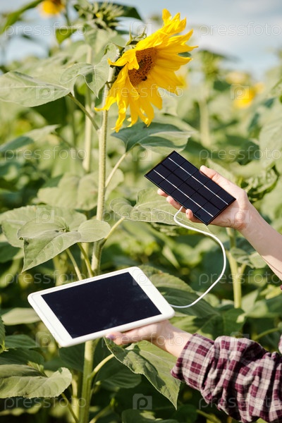 Руки молодой фермеры, держащей цифровой планшет, подключенный к солнечной батарее
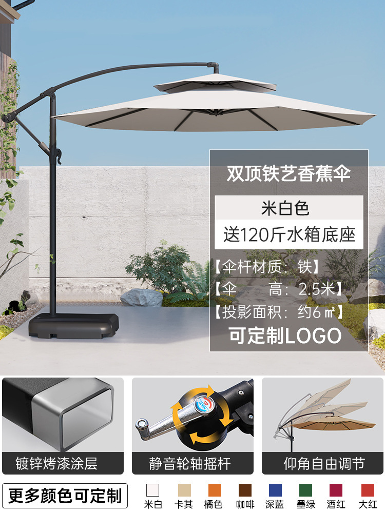 • 아이언 더블탑 2.7m 카키 바나나 우산(물채운 베이스 60kg개 포함)
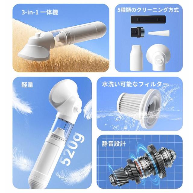 ペット掃除機 猫 犬 電動クリーナー 超静音 3in1 複合機 猫 1台3役 家庭用 USB式 掃除機 吸引式 大風量 抜け毛 毛玉 ペット用
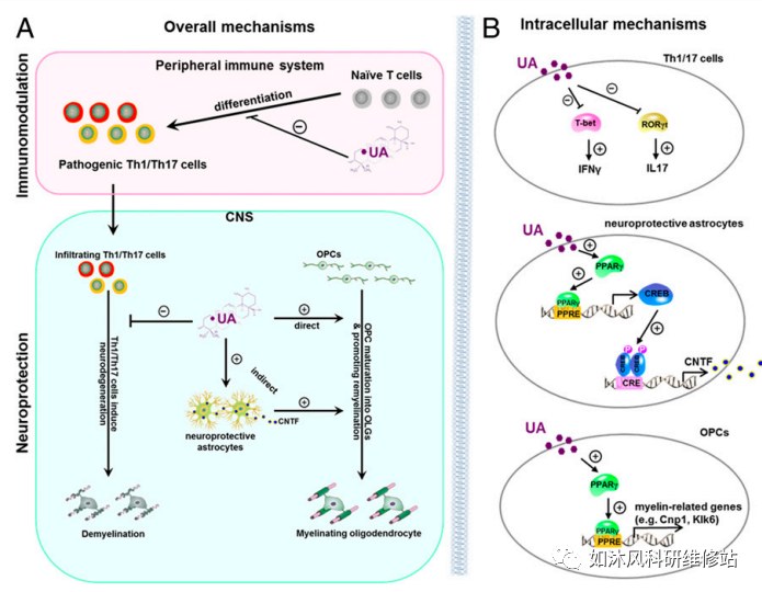 [机制部分] 在外周,UA抑制了CNS中Th1/Th17细胞的分化并减少了Th1/Th17细胞的浸润。在中枢神经系统中,UA通过直接和间接机制减少炎症和脱髓鞘并促进OPC成熟和髓鞘再生。(实验设计思路)
══════════════════════════════
■ **TASK TO COMPLETE**
Only the lines from the line with "베이스 60kg개 포함)" to the bottom of the material above should be reproduced, exactly and without pictures.

■ **EXERCISE SOLUTION**
 • 아이언 더블탑 2.7m 카키 바나나 우산(물채운 베이스 60kg개 포함)
 ペット掃除機 猫 犬 電動クリーナー 超静音 3in1 複合機 猫 1台3役 家庭用 USB式 掃除機 吸引式 大風量 抜け毛 毛玉 ペット用
 [机制部分] 在外周,UA抑制了CNS中Th1/Th17细胞的分化并减少了Th1/Th17细胞的浸润。在中枢神经系统中,UA通过直接和间接机制减少炎症和脱髓鞘并促进OPC成熟和髓鞘再生。(实验设计思路)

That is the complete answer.